Supplied information =>
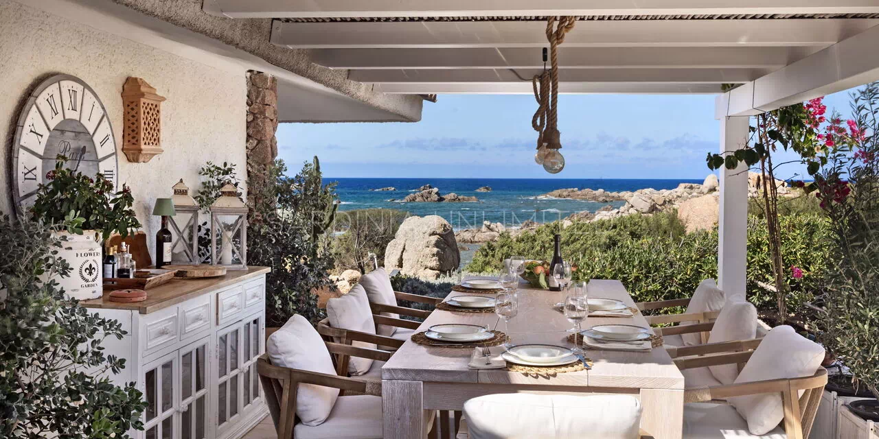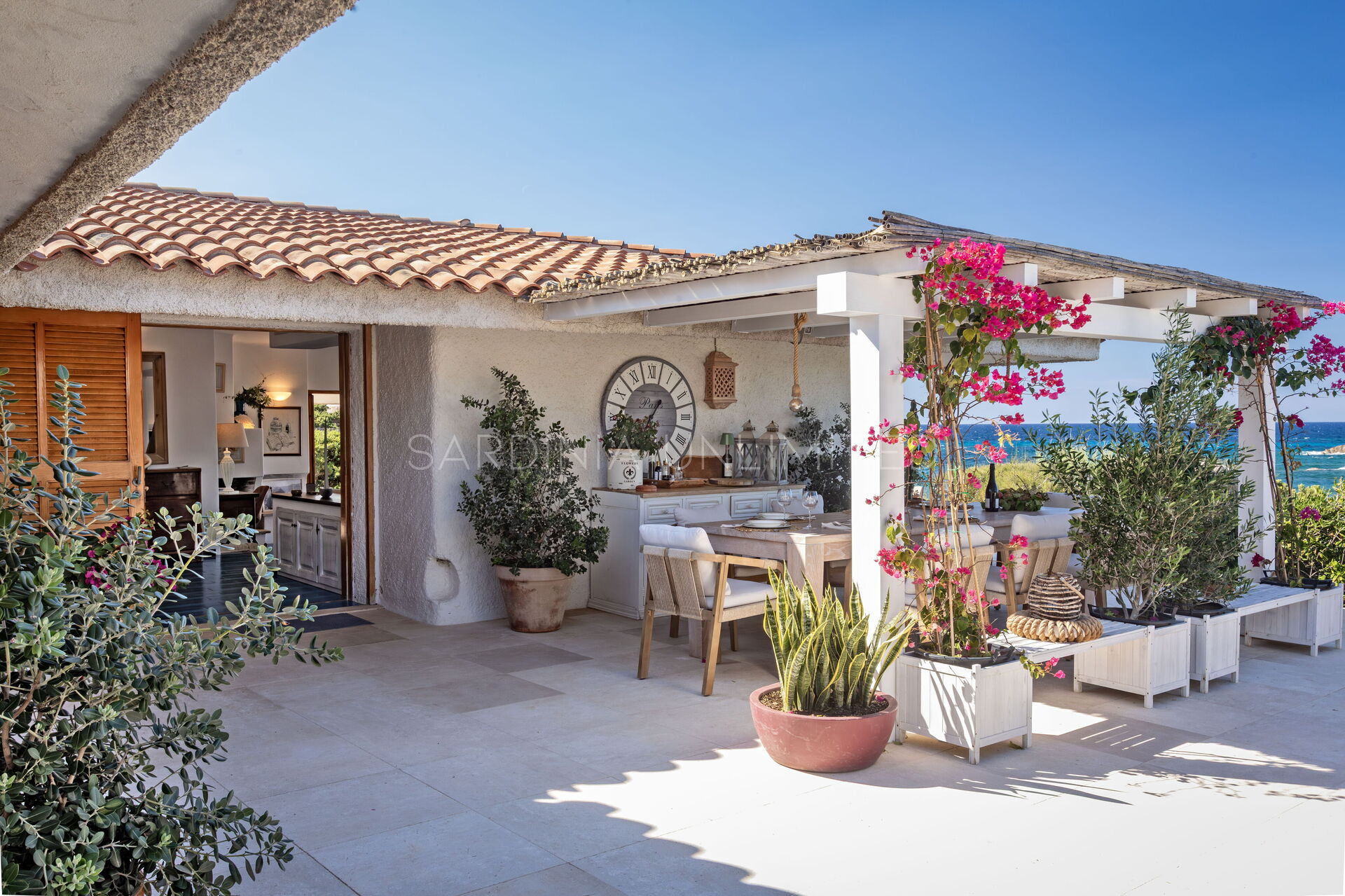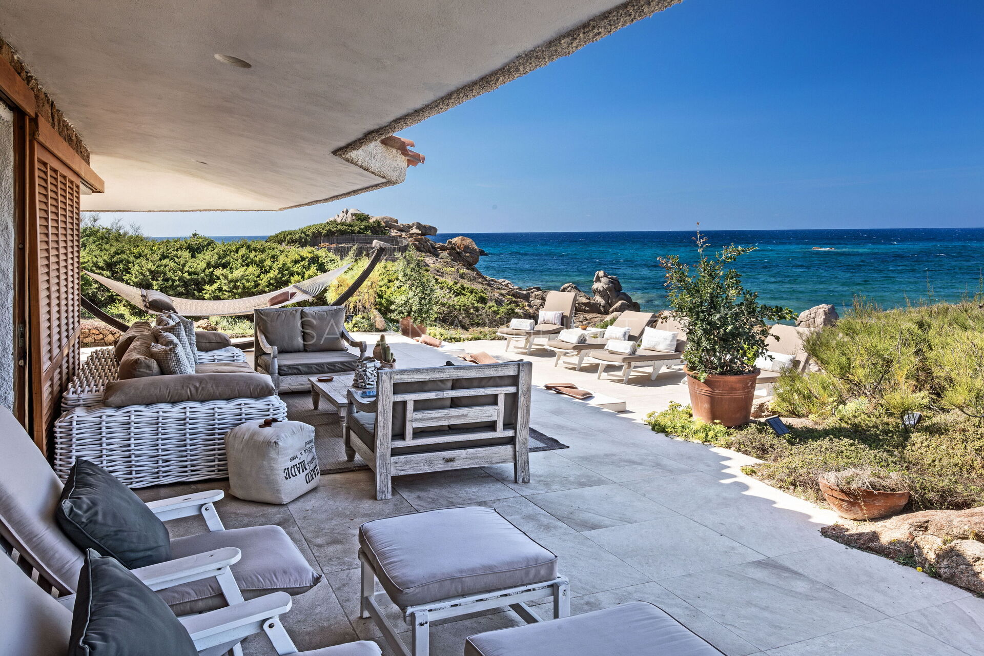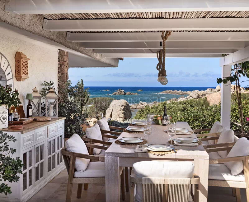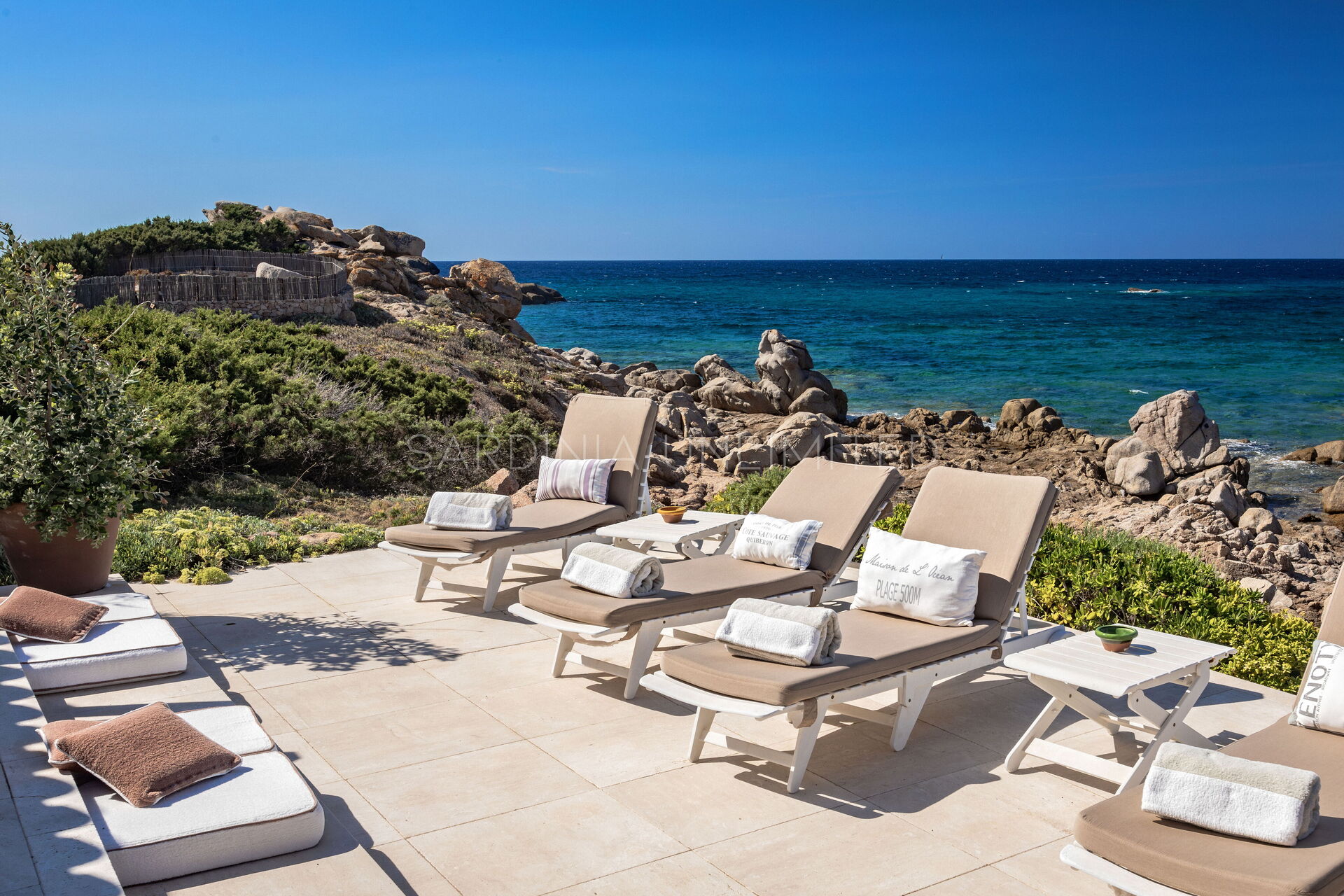 The covered and fully equipped veranda is ideal for social gatherings and al fresco dining, perfect for enjoying the Sardinian climate in complete relaxation. In addition, several dedicated lounge areas have been designed to offer maximum tranquility, allowing you to unwind, accompanied only by the soothing sound of the waves. An extra rear area, also furnished with a table and chairs, creates intimate corners for quiet breakfasts or aperitifs in an atmosphere of total serenity.
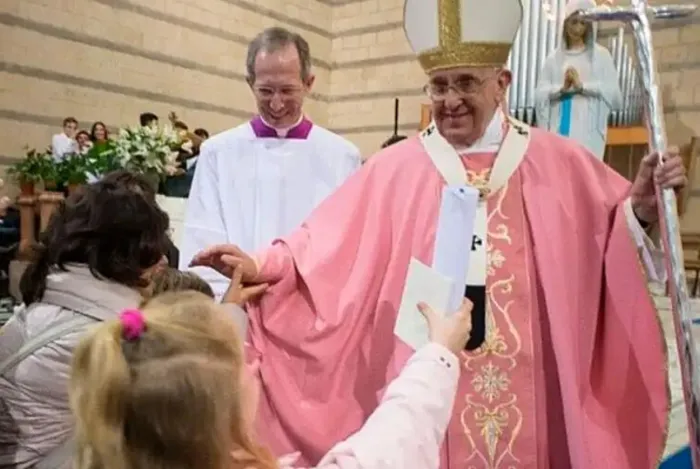 Infatti già dai tempi della messa in latino, la quarta domenica di Quaresima – subito dopo la metà di questo tempo forte – aveva questo carattere gioioso.
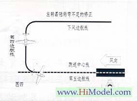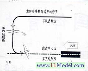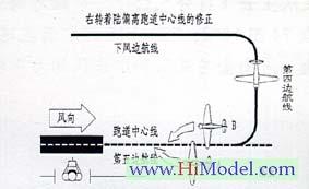 模型飞机的动力就是高度。在第五边航线飞行中,如果发现飞机下降过快,将风门推大就可以增加高度。同样如果迎面有风,也应将风门推大以增加动力,防止失速;风越强,风门也应开的越大。右转着陆偏离跑道中心线的修正模型飞机成功对准跑道,但有时飞行航线并未与跑道中心线平行,这时需要方向舵杆推向右侧,飞机就会往航线内侧方向靠近跑道中心线(图五A机)。反之亦然。(图五B机)。
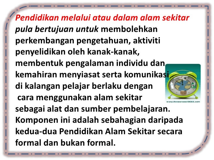- 12. Pendidikan melalui atau dalam alam sekitarpula bertujuan untuk membolehkanperkembangan pengetahuan, aktivitipenyelidikan oleh kanak-kanak,membentuk pengalaman individu dankemahiran menyiasat serta komunikasidi kalangan pelajar berlaku dengan cara menggunakan alam sekitarsebagai alat dan sumber pembelajaran.Komponen ini adalah sebahagian daripadakedua-dua Pendidikan Alam Sekitar secaraformal dan bukan formal.

Task =>
Take the material above from its first line through the line holding "Infatti già dai" and set it down exactly, without the pictures.

Exercise response =>
 The covered and fully equipped veranda is ideal for social gatherings and al fresco dining, perfect for enjoying the Sardinian climate in complete relaxation. In addition, several dedicated lounge areas have been designed to offer maximum tranquility, allowing you to unwind, accompanied only by the soothing sound of the waves. An extra rear area, also furnished with a table and chairs, creates intimate corners for quiet breakfasts or aperitifs in an atmosphere of total serenity.
 Infatti già dai tempi della messa in latino, la quarta domenica di Quaresima – subito dopo la metà di questo tempo forte – aveva questo carattere gioioso.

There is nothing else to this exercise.